▸ **What needs to be done**
Nothing but the lines below from the one that contains "我坐在动车上 , 一口一个停不下来 , 等回过神的时候 , 一大包已经见底了。" through the one that contains "Textilné tieniace systémy" should be retyped, exactly and including both ends. Do not include pictures.
━━━ Information provided ━━━
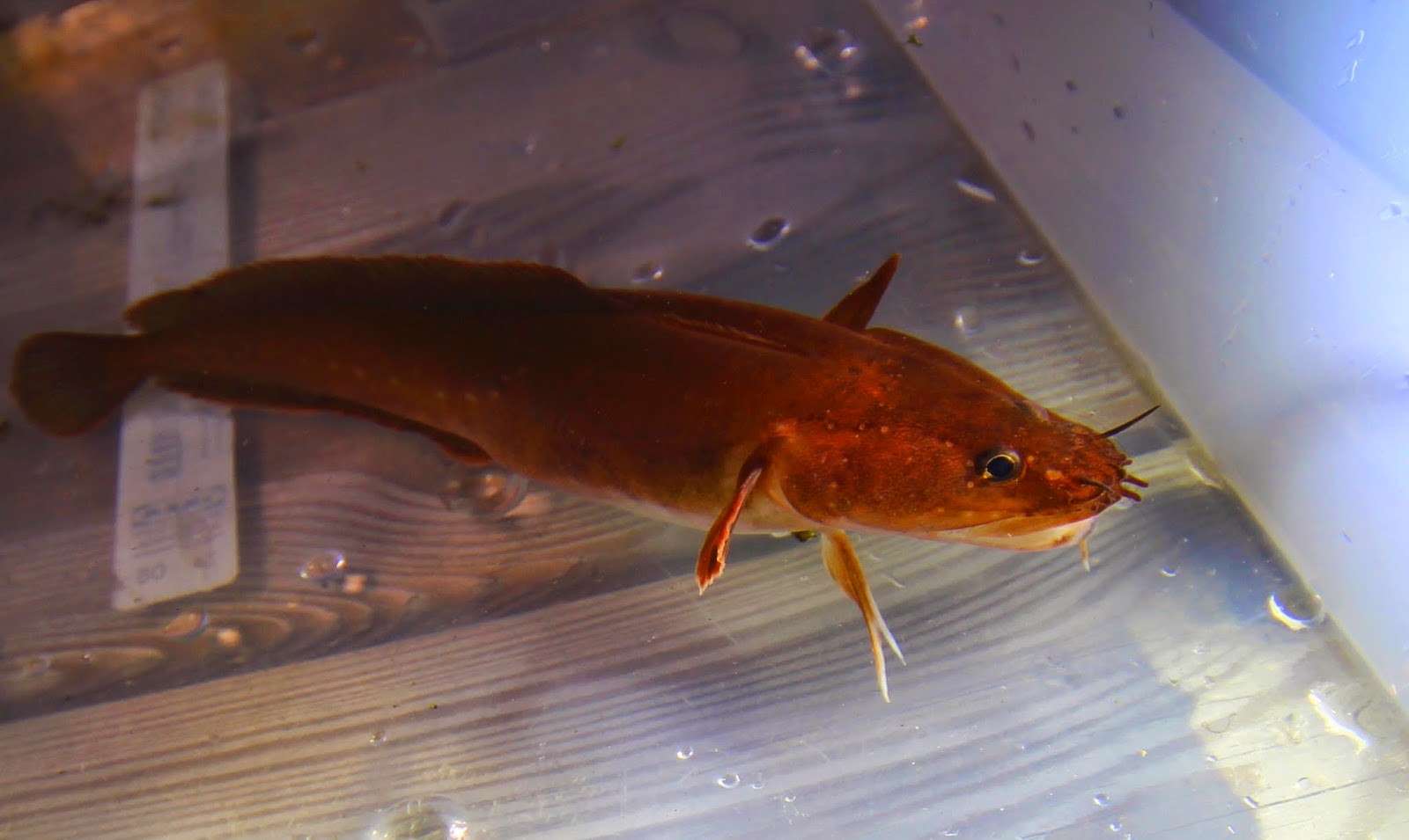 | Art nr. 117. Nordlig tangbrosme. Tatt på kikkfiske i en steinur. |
━━━
━━━ Information provided ━━━
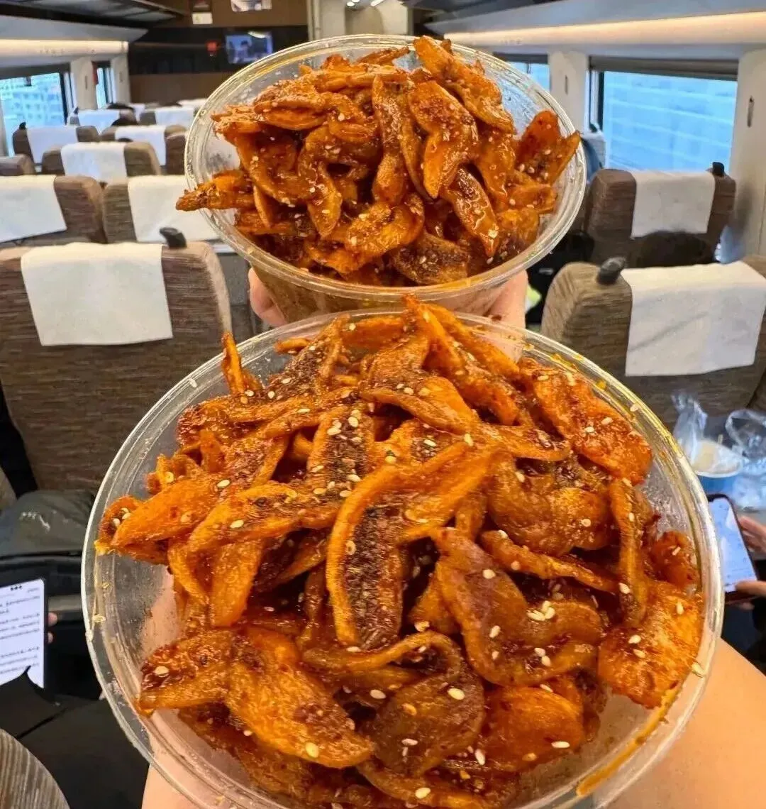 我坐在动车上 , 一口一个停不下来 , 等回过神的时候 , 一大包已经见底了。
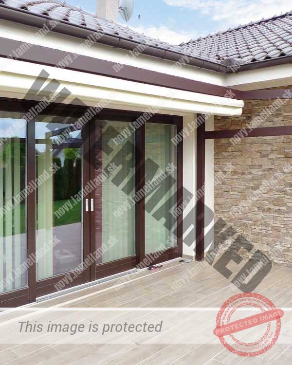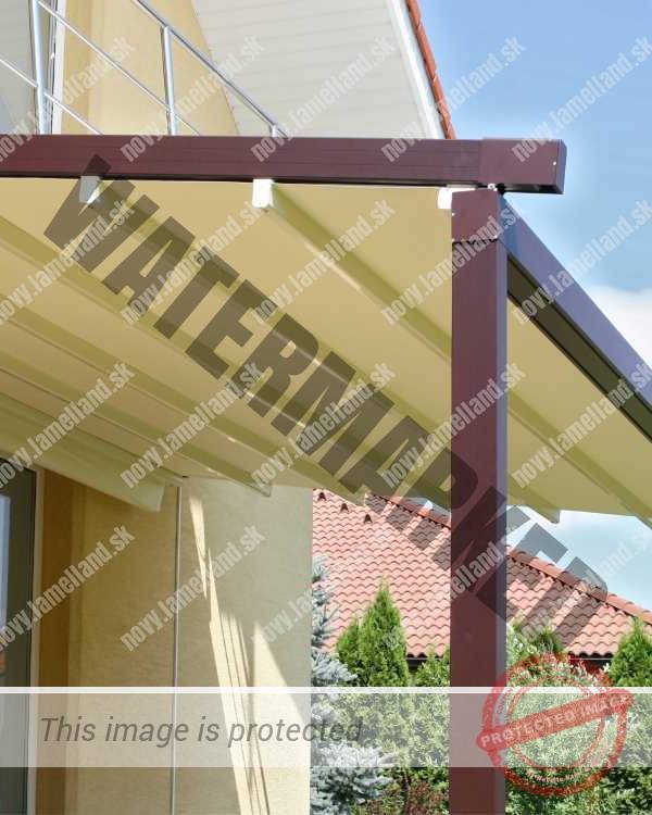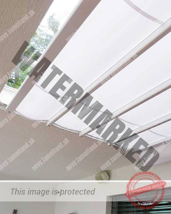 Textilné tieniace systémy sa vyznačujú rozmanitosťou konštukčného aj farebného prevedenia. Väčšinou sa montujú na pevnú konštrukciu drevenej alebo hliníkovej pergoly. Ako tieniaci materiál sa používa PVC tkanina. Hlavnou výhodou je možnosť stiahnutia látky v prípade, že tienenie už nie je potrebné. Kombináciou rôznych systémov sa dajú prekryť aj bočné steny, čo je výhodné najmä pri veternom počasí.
━━━
━━━ Information provided ━━━
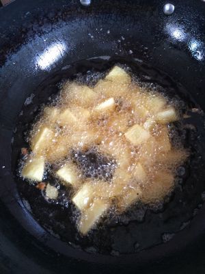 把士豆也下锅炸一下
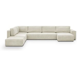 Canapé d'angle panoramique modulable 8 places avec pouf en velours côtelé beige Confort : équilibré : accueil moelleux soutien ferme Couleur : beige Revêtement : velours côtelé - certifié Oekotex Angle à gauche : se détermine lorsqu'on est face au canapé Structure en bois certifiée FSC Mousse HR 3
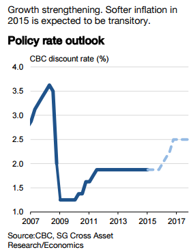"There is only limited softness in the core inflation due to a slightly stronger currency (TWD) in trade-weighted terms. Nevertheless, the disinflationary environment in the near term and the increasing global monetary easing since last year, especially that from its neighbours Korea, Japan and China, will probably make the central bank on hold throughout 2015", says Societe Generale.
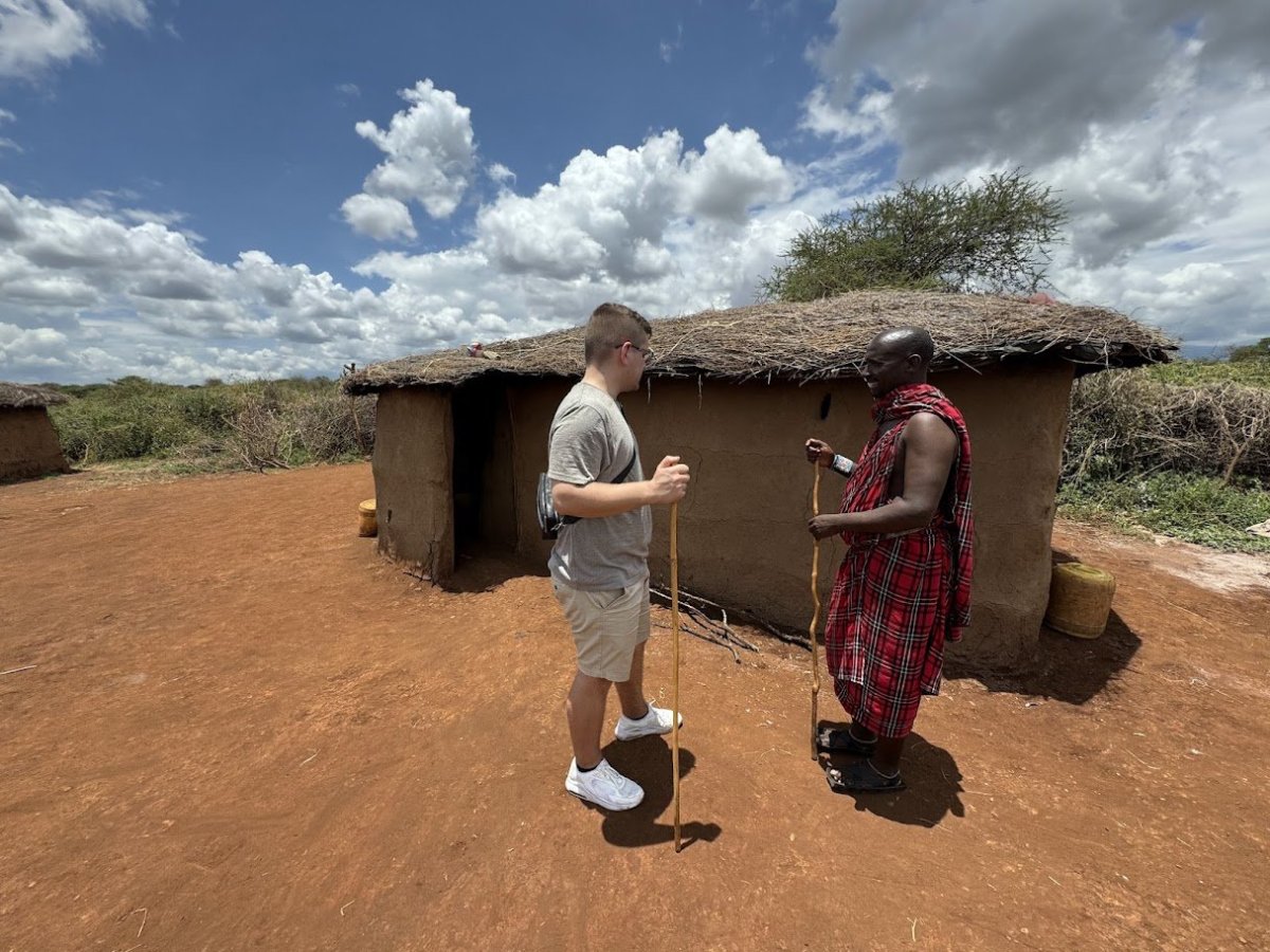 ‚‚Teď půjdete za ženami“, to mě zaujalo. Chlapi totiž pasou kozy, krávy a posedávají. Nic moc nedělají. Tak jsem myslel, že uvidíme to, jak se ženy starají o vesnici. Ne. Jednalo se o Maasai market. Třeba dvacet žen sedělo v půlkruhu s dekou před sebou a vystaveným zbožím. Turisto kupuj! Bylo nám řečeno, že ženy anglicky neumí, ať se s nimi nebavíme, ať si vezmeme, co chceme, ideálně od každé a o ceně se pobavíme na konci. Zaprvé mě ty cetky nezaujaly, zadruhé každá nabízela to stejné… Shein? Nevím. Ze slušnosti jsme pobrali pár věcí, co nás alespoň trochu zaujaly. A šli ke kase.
━━━
▸ **Solution**
 我坐在动车上 , 一口一个停不下来 , 等回过神的时候 , 一大包已经见底了。
 Textilné tieniace systémy sa vyznačujú rozmanitosťou konštukčného aj farebného prevedenia. Väčšinou sa montujú na pevnú konštrukciu drevenej alebo hliníkovej pergoly. Ako tieniaci materiál sa používa PVC tkanina. Hlavnou výhodou je možnosť stiahnutia látky v prípade, že tienenie už nie je potrebné. Kombináciou rôznych systémov sa dajú prekryť aj bočné steny, čo je výhodné najmä pri veternom počasí.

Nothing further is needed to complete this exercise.